Stored entries:
====

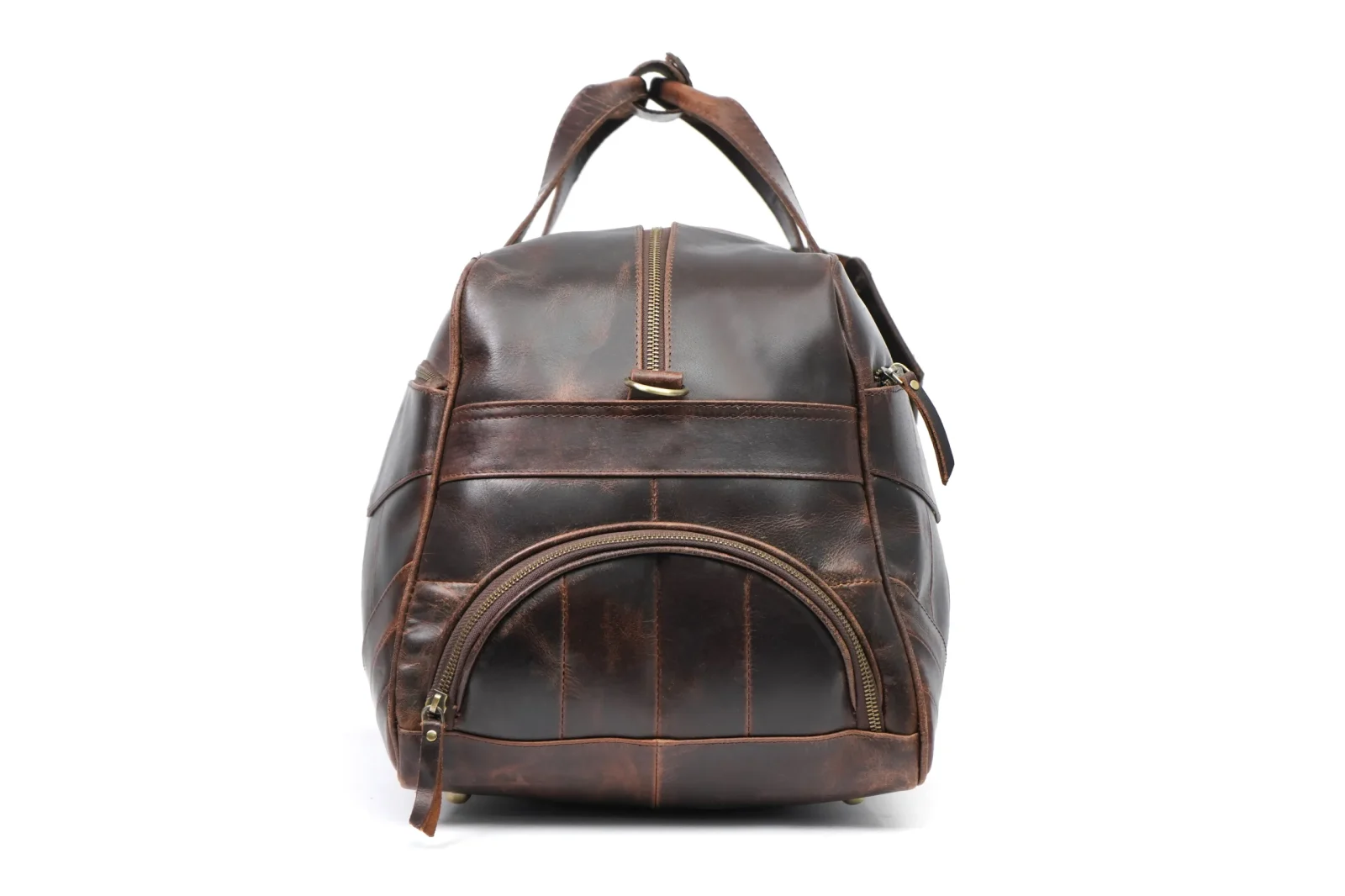 Ideal for weekend trips, gym sessions, or business travels, this stylish travel bag combines practicality with vintage charm. Elevate your travel experience with this spacious and sophisticated leather duffel bag.
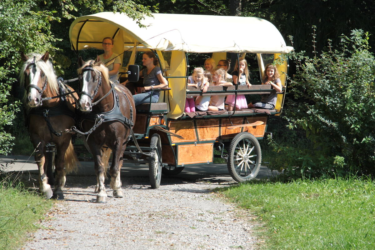 Kinder gehen auf eine sommerliche Kutschfahrt zur Schwefelquelle
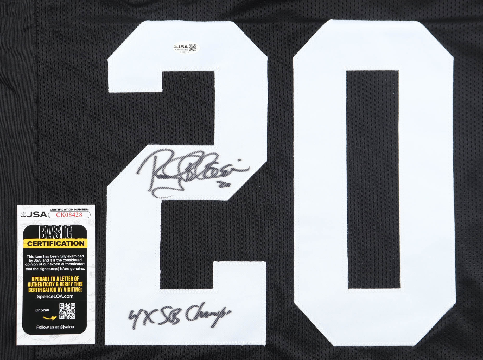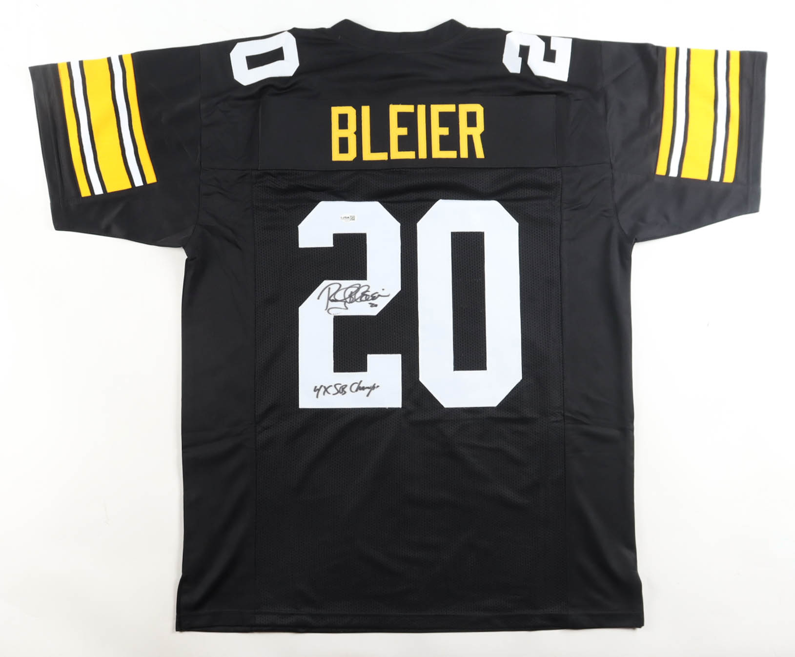 Custom jersey. Everything sewn on, size XL. Hand-signed and inscribed by Rocky Bleier.
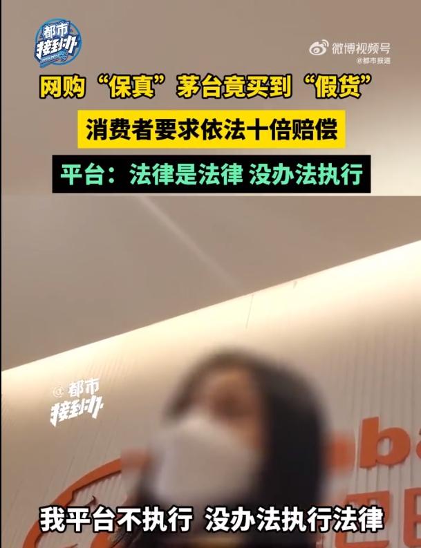 因为酒水属于食品,根据法律规定,他向平台方提出假一赔十的要求,却遭到阿里巴巴客服拒绝:“平台规定是假一赔三,法律是法律,平台没办法执行法律,想要十倍赔偿你直接走法律途径。”
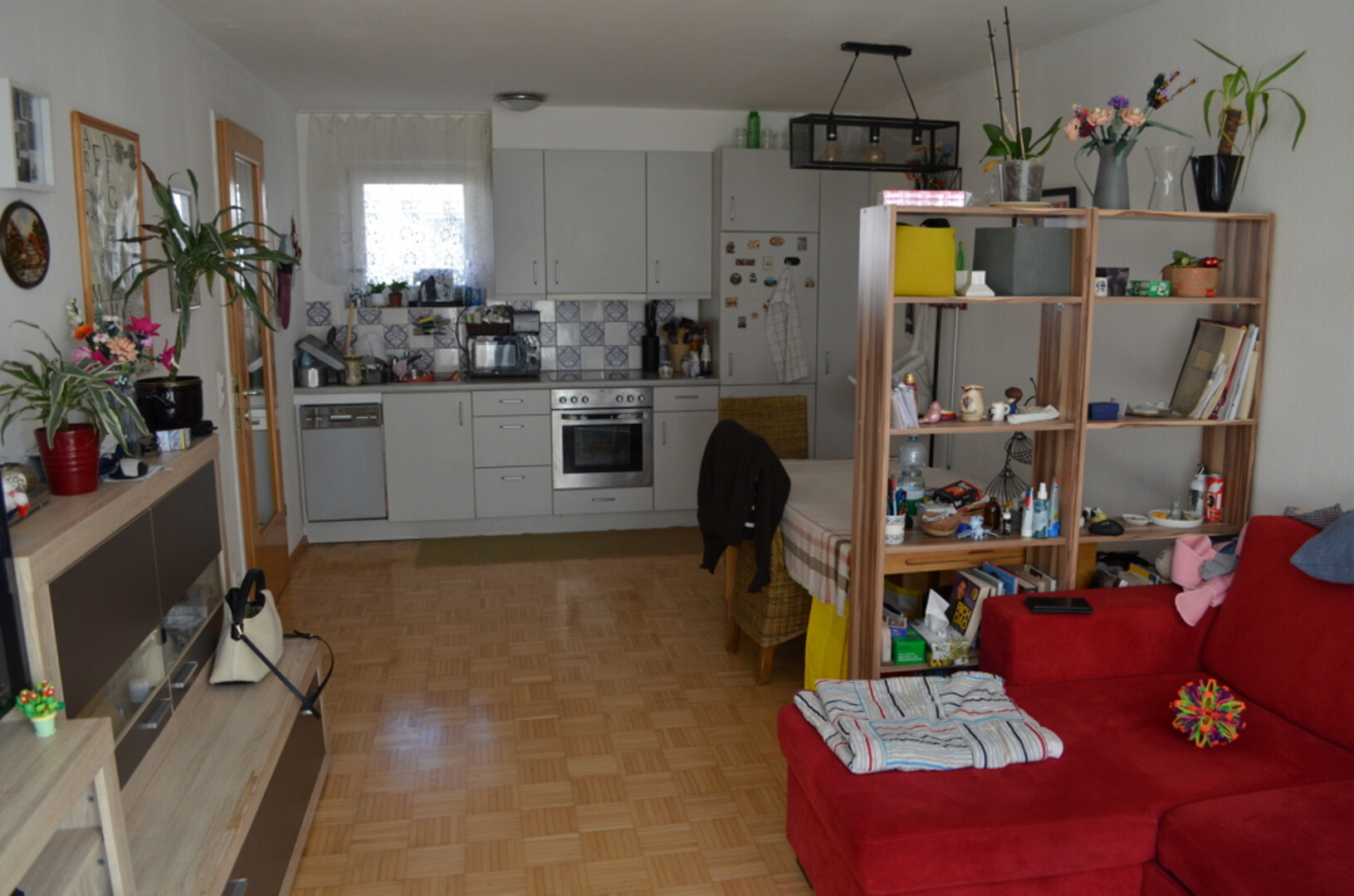 Die Wohnung verfügt über ein Wohn-Esszimmer mit Küche und raumhohen Fenstern. Das

====

■ **What you should do**
Pictures do not belong in the copy. Output all of the records exactly.

■ **Reply**
 Ideal for weekend trips, gym sessions, or business travels, this stylish travel bag combines practicality with vintage charm. Elevate your travel experience with this spacious and sophisticated leather duffel bag.
 Kinder gehen auf eine sommerliche Kutschfahrt zur Schwefelquelle
 Custom jersey. Everything sewn on, size XL. Hand-signed and inscribed by Rocky Bleier.
 因为酒水属于食品,根据法律规定,他向平台方提出假一赔十的要求,却遭到阿里巴巴客服拒绝:“平台规定是假一赔三,法律是法律,平台没办法执行法律,想要十倍赔偿你直接走法律途径。”
 Die Wohnung verfügt über ein Wohn-Esszimmer mit Küche und raumhohen Fenstern. Das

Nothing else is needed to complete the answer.